Johns Hopkins researchers found a new way to transplant kidney organs from any donor – regardless of compatibility, and they say it’s
saving more lives than the conventional alternative of long-term dialysis while waiting for the right match.
Every year, about 600,00 Americans are afflicted with end-stage kidney disease. Kidney transplantation is a potent fix, but there just aren’t enough donated kidneys to go around. In addition to the organ shortage, donors and recipients have to be matched for blood type and antigens combinations – another bottleneck that prevents many transplants from happening. Of the 101,189 patients that currently await a kidney transplant, only about 16% of them will receive the organ while about 4.4% die waiting for the operation.
To increase the organ supply available to patients on the transplant list, some researchers have turned to other animals as potential organ donors. Notably, the CRISPR/cas9 gene editing system has renewed
xenotransplantation hopes for organs from pigs. However, this technology is still years away from the bedside for many patients.

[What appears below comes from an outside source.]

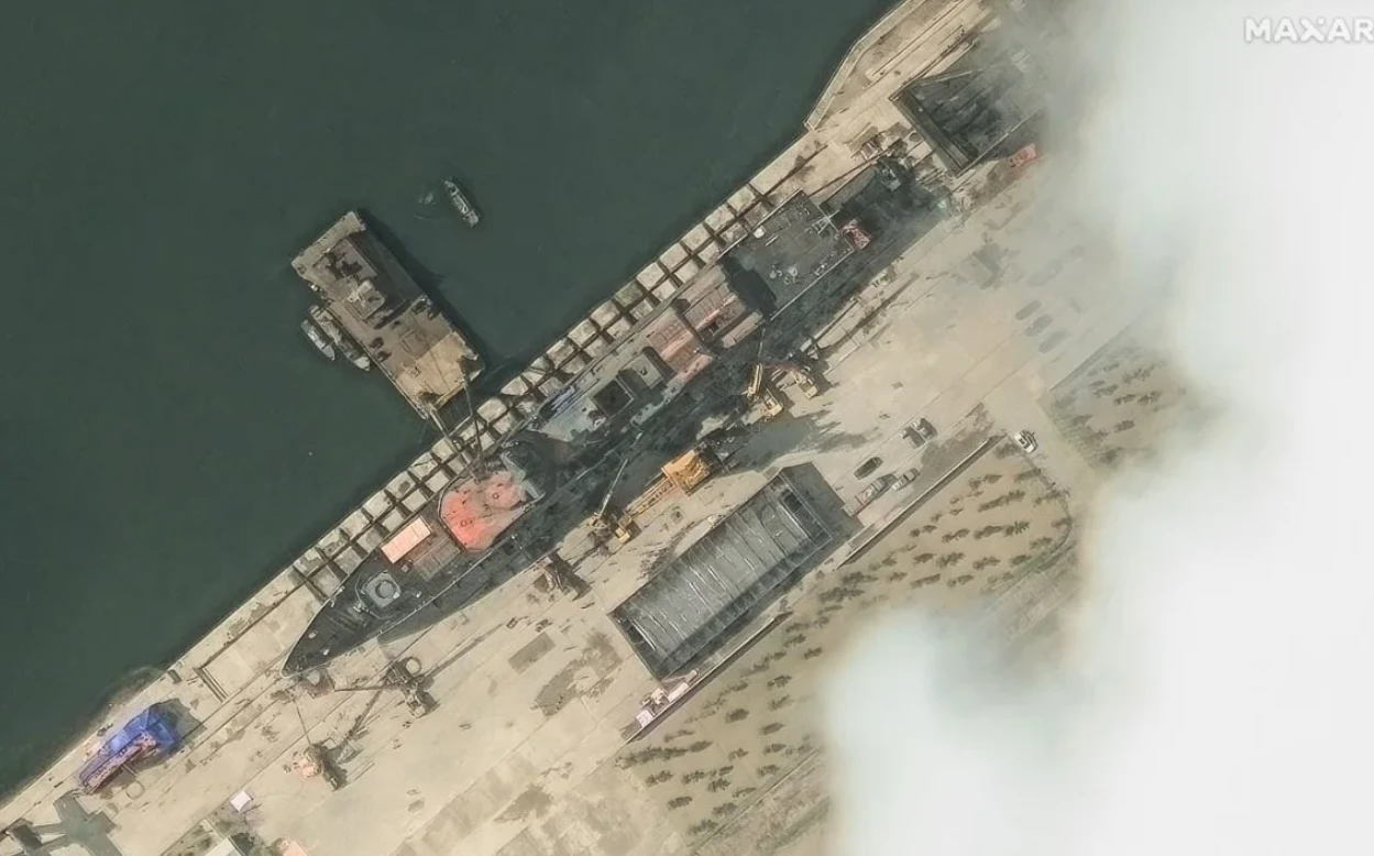 - Foto satelit komersial menunjukkan kapal miring ke satu sisi, dengan posisi yang berbahaya.

With the same goal to increase the available organ supply, Johns Hopkins researchers took a different approach. Fifteen years ago, they started to develop a technique to quiet the recipient’s immune system so that any donor organ can become a match, regardless of HLA type. Now, an eight-year study evaluating this technique in 1,025 recipients finds higher survival benefit compared to those who remained on the waiting list.
The technique is known as desensitization, and involves external filtration of antibodies out of a patient’s blood. After the patient’s immune system regenerates new antibodies, doctors found this set of regenerated antibodies are less likely to attack the transplant organ. The exact mechanism behind this is still unknown, but it seems to work at saving lives.

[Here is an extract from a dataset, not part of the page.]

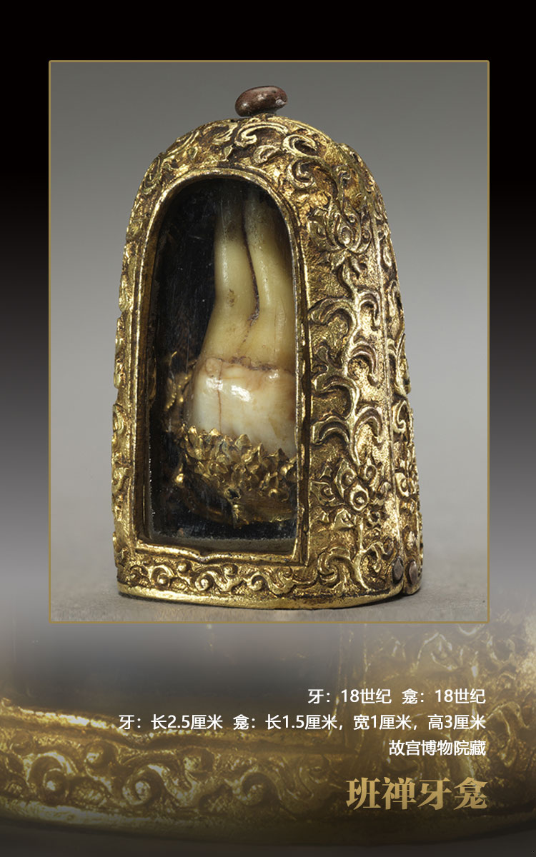 此班禪牙為臼齒一顆,牙根下嵌金屬托,外配隨形玻璃門銅鎏金龕。龕內附黃條:“左銅鍍金小襖鍋一座,內供班臣額爾德尼牙。”

In 1,025 adult incompatible live donor kidney transplant recipients from 22 centers across the U.S., researchers found consistently higher survival rates in comparison with the control groups, who remained on the waiting list. At the eight-year mark, 76.5 percent of those who had received the incompatible transplant were still alive, compared to 43.9 percent of those patients who were still on the waiting list.

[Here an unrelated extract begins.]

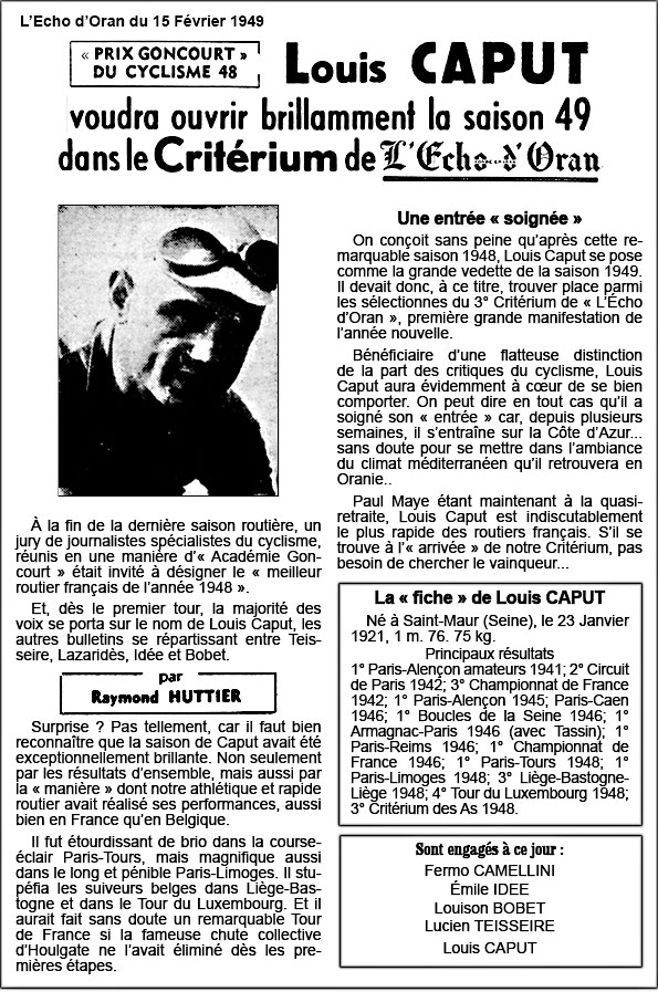 Louis CAPUT "Meilleur routier français 1948" (

“For the first time, we have definitively shown that incompatible live donor kidney transplantation provides almost twice the survival of a patient’s next best option,” said Dorry Segev, professor of surgery at Johns Hopkins and lead author of the paper. "This is great news for patients who have healthy, willing live donors but who have been relegated to the waiting list because of HLA incompatibilities. Through this study, we now know that those donors can donate today, those transplants can happen and those lives can be saved.”
The estimated cost of desensitization is $30,000 and the transplant operation itself is about $100,000. Still, doctors say this upfront cost is cheaper than long-term dialysis, which costs about $70,000 each year.
Saving more lives at lower costs to the patients is arguable ultimate goal for medicine. And this is why many experts are calling this technique revolutionary. Already, desensitization is being explored for other organ transplants, like liver and lung.